Adduction Stretch for Inner-Thigh Adductor Muscles


Your adductor muscles extend from the lower part of your pelvis to various parts of the femur and inner knee. Although these muscles work together to adduct your legs -- or move your legs closer to the midline of your body, they also assist your legs and hips in flexion and extension and stabilize the pelvis and legs when you move. The type of stretching you do to improve the adductors' mobility depends on the sports you play and the activities you take part in.

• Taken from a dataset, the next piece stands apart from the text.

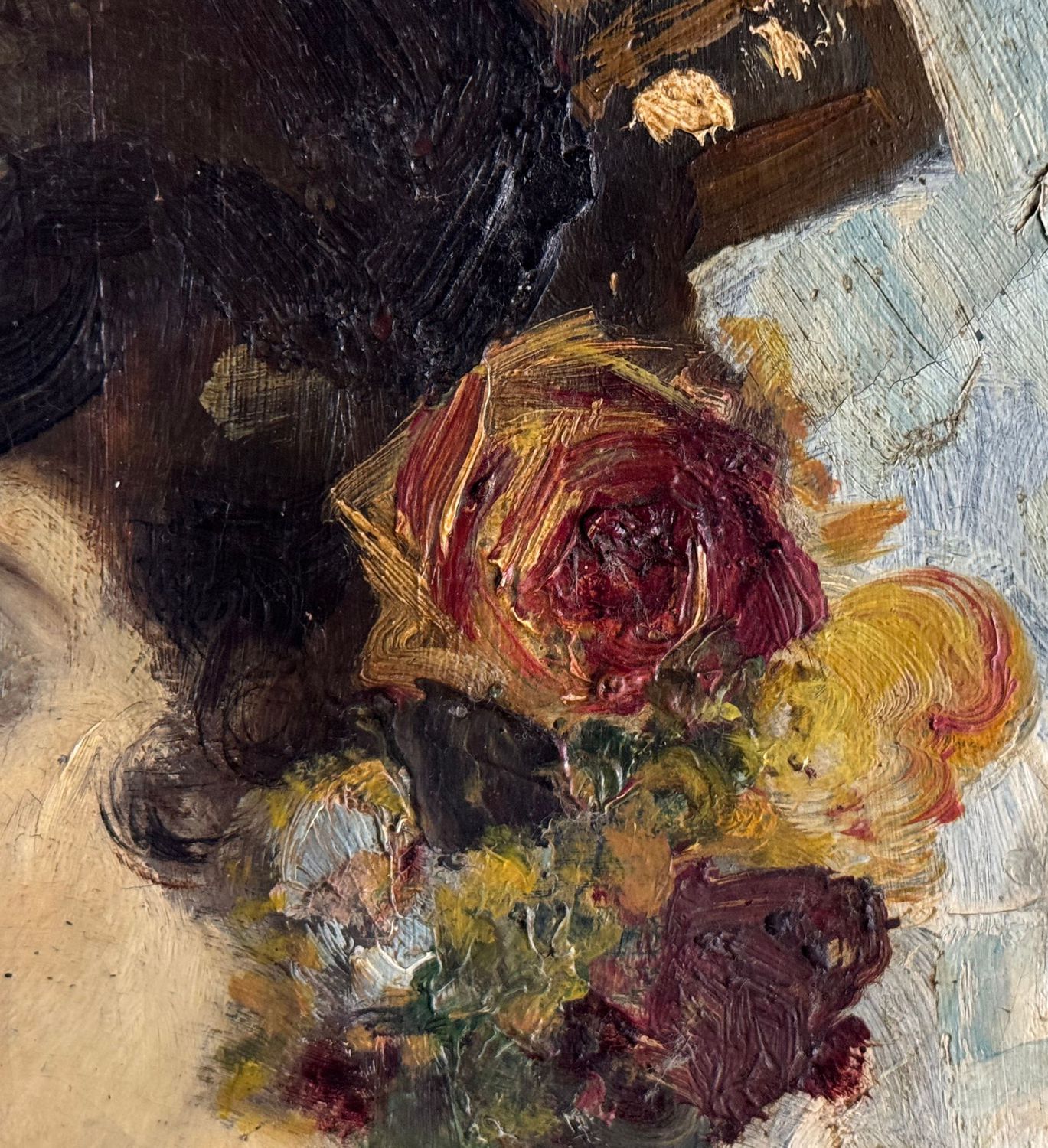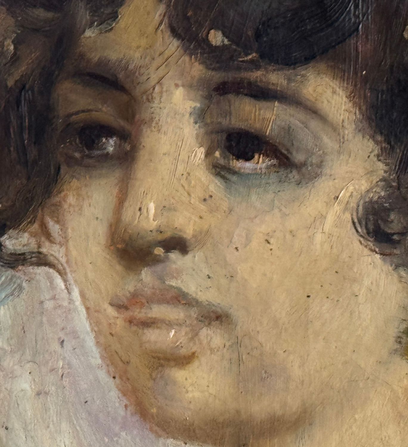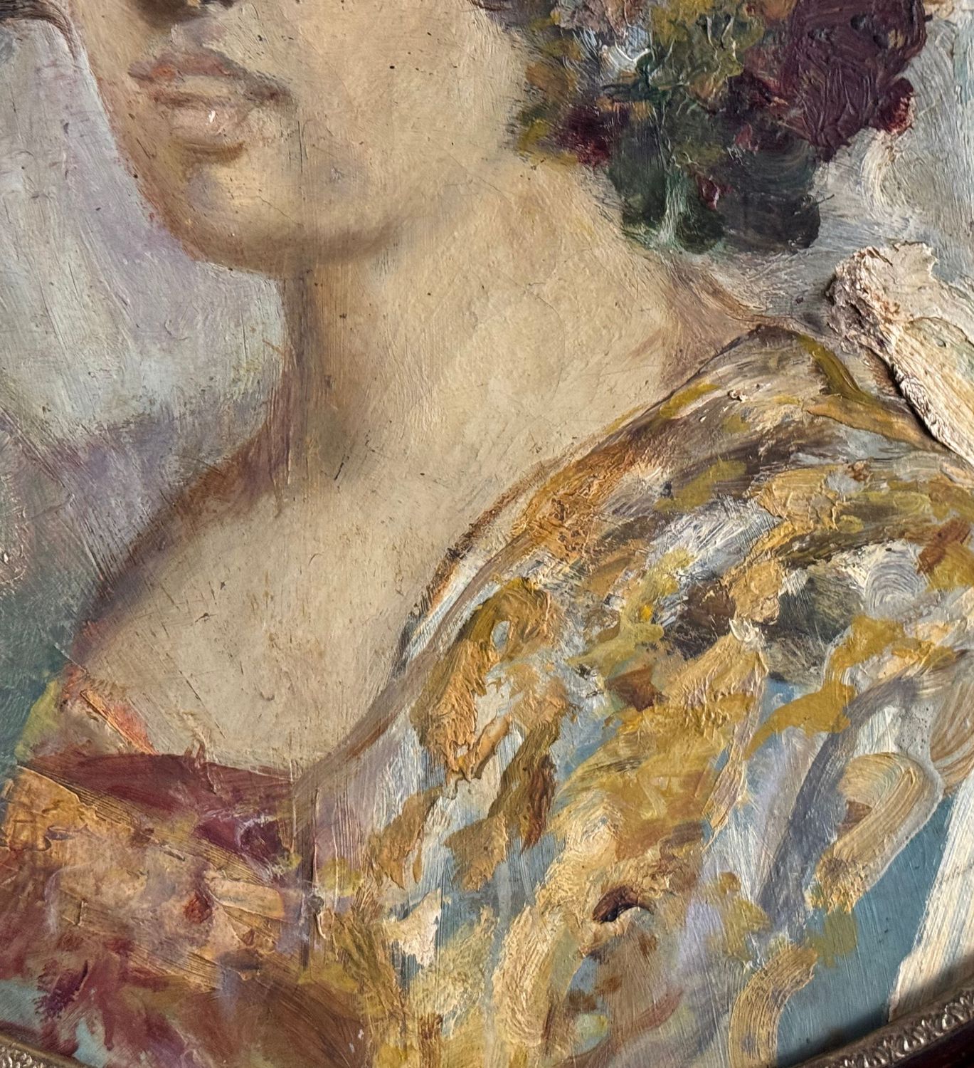 Dipinto olio su pannello di forma tonda, periodo XX secolo scuola Napoletana, raffigurante Ritratto di giovane donna. Dimensioni compreso cornice: 64x64 cm. Dimensioni interno cornice: 50x50 cm. Da artista anonimo. Opera in buone condizioni con lievi segni di vissuto come da foto allegate. Cornice difetti e mancanze.

Static vs. Dynamic Stretching

  • Old-school fitness handouts may tell you to stretch before you exercise, but this advice can decrease your exercise performance. A study published in the "Scandanavian Journal of Medicine & Science in Sports" in 2010 showed that participants who performed static stretching -- holding a stretch for 20 to 30 seconds -- had a 5.4 percent decrease in their strength before they exercised. In another study published in the "Journal of Strength and Conditioning Research" in 2005, participants who performed static stretching before exercising showed no improvement in leg extension power. However, those who performed dynamic stretching -- moving your muscles and joints within their full range of motion repetitively -- improved their leg extension power. This concept can be applied to any muscle group in your body, including your adductors. Therefore, you should perform dynamic stretching before a workout, which stimulates your nervous system to activate your muscles. Save static stretching for after your workout.

Ground Stretches

  • Stretching on the floor places less pressure on your spine and hips and allows you to relax more, especially if you're in the supine position. Although most stretches in this position focus more on hip abduction -- moving away from the midline of your body -- rather than adduction, there are a few stretches you can do to work on hip adduction. For static stretching, lie supine on the floor with your left outer knee touching the doorway. Raise your right leg up to about 90 degrees without moving your left leg and bring your right heel to rest against the edge of the doorway. As you hold the stretch, flex your toes toward your face and turn your knee out and away from you slightly, emphasizing the stretch in your adductors. For dynamic stretching, lie supine on the floor and put your feet together. Bend your knees, bringing your heels close to your groin. Inhale as you bring your knees up and in and exhale as you lower your knees toward the floor.

Standing Stretches

  • Dynamic stretching in the standing position provides a quick way to loosen up your hips and legs while stretching your adductors. The lateral leg swing is one such exercise that works on core stability in your torso while working on your hips' range of motion. With your hands against a wall for support, swing one leg side to the side in front of you like pendulum, but without excessive torso rotation. Static stretching with hip adduction can be performed by putting one leg up on a table and moving your leg toward the center of your body until you feel a stretch in your butt.

Be Specific With Your Stretches

  • To improve your athletic performance and reduce your risk of injury, choose adduction stretches that closely mimic that movement patterns for your particular sport or activity. This concept is based on the SAID principle -- specific adaptation to imposed demands -- which states that "your body will adapt specifically to whatever you train it to do," according to physical therapist Tony Ingram. If you have good range of motion in adduction from a supine position, it doesn't mean that you will also have the same amount of flexibility in the standing position. Therefore, runners and ballet dancers should perform hip-adduction stretches in a standing position, such as leg swings, for their warm-ups,. Likewise, wrestlers and floor gymnasts should perform ground stretches in their warm-ups.